Science in support of coastal ocean forecasting—part 1

In parallel to the ever increasing activities and population in the coastal regions, and to the critical growth of the associated stresses on the coastal environment, the need for monitoring and forecasting of currents and marine parameters in the coastal and shelf seas is becoming more pressing (e.g. De Mey et al. 2009; De Mey and Kourafalou 2014). Largescale ocean modeling, observational, and forecasting projects provide products which are available everywhere, but the relevance of those products in coastal regions is often found inadequate (De Mey and Proctor 2009). Because of the smaller-scale, higher-frequency, coupled coastal dynamical, and biogeochemical processes found in coastal regions, and because of the presence of the coastline, shelves, coastal rivers, and other unique elements, specific coastal modeling, observational, and forecasting strategies have to be designed, within a general paradigm of integration between large-scale, regional, and coastal ocean forecasting systems (e.g., Stanev et al. 2016). Science has to be advanced to that end, as a community effort: this is what the Coastal Ocean and Shelf Seas Task Team (COSS-TT) aims to do within GODAE Ocean View (GOV, www.godae-oceanview.org), as illustrated in Kourafalou et al. (2015a, b).
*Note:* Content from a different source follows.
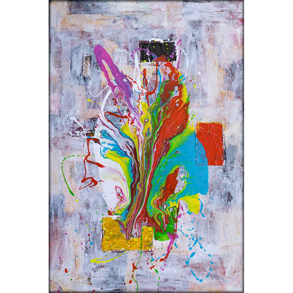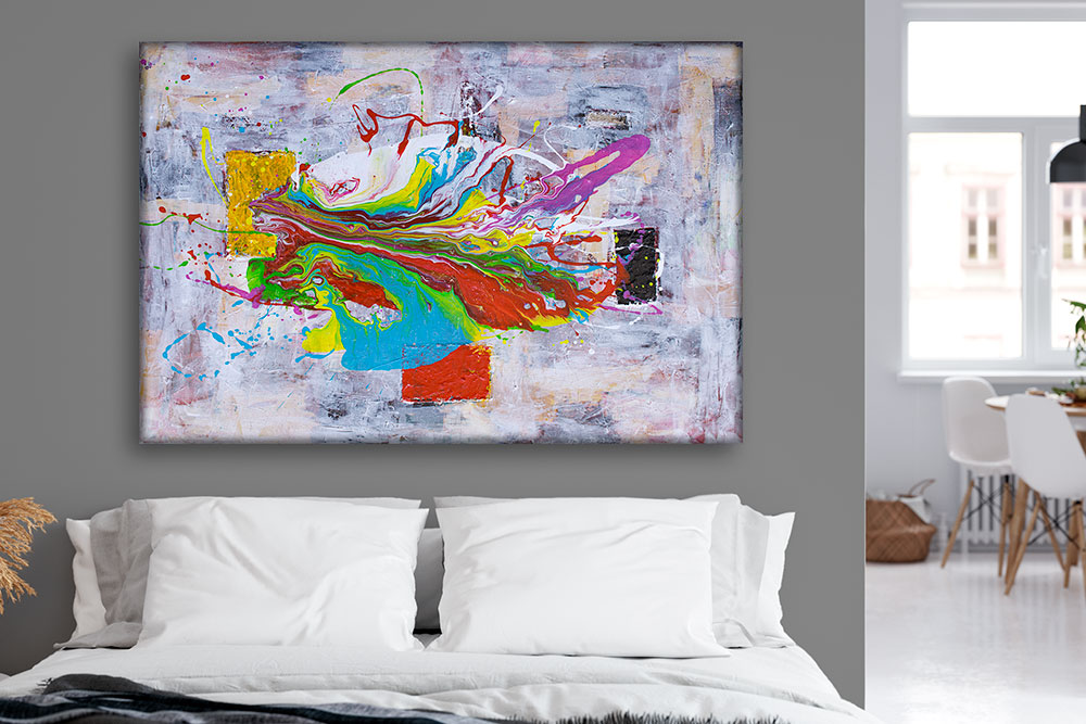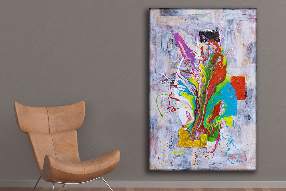 Farverne er lagt med kunstnerakrylmaling af højeste kvalitet, indeholdende rene pigmenter for maksimal dybde og lysægthed. Malingen forbliver elastisk, hvilket modvirker revnedannelse og sikrer, at farverne bevarer deres klarhed og intensitet, uanset om værket hænger i naturligt eller kunstigt lys.

Five successful international COSS-TT meetings so far helped define priority areas where science is needed for the development of Coastal Ocean Forecasting Systems: (a) monitoring of physical and biogeochemical parameters in coastal regions (including active links with the coastal altimetry community); (b) development of fine-scale coastal ocean models; (c) integration topics: downscaling the ocean estimation problem from large-scale to coastalscale models, data and forcings, coastal data assimilation and prediction, and consistent validation metrics; (d) coastal-scale atmosphere-wave-ocean couplings; (e) ecosystem response to the physical drivers; (f) probabilistic approaches and risk assessment in the coastal ocean, including extreme events. Papers in this collection have been gathered in themes which cut across those boundaries: (1) coastal monitoring and array design, (2) coastal modeling, integration, and model-data synergy, (3) coastal data assimilation and prediction, and (4) coastal applications. A summary of all contributions is included below.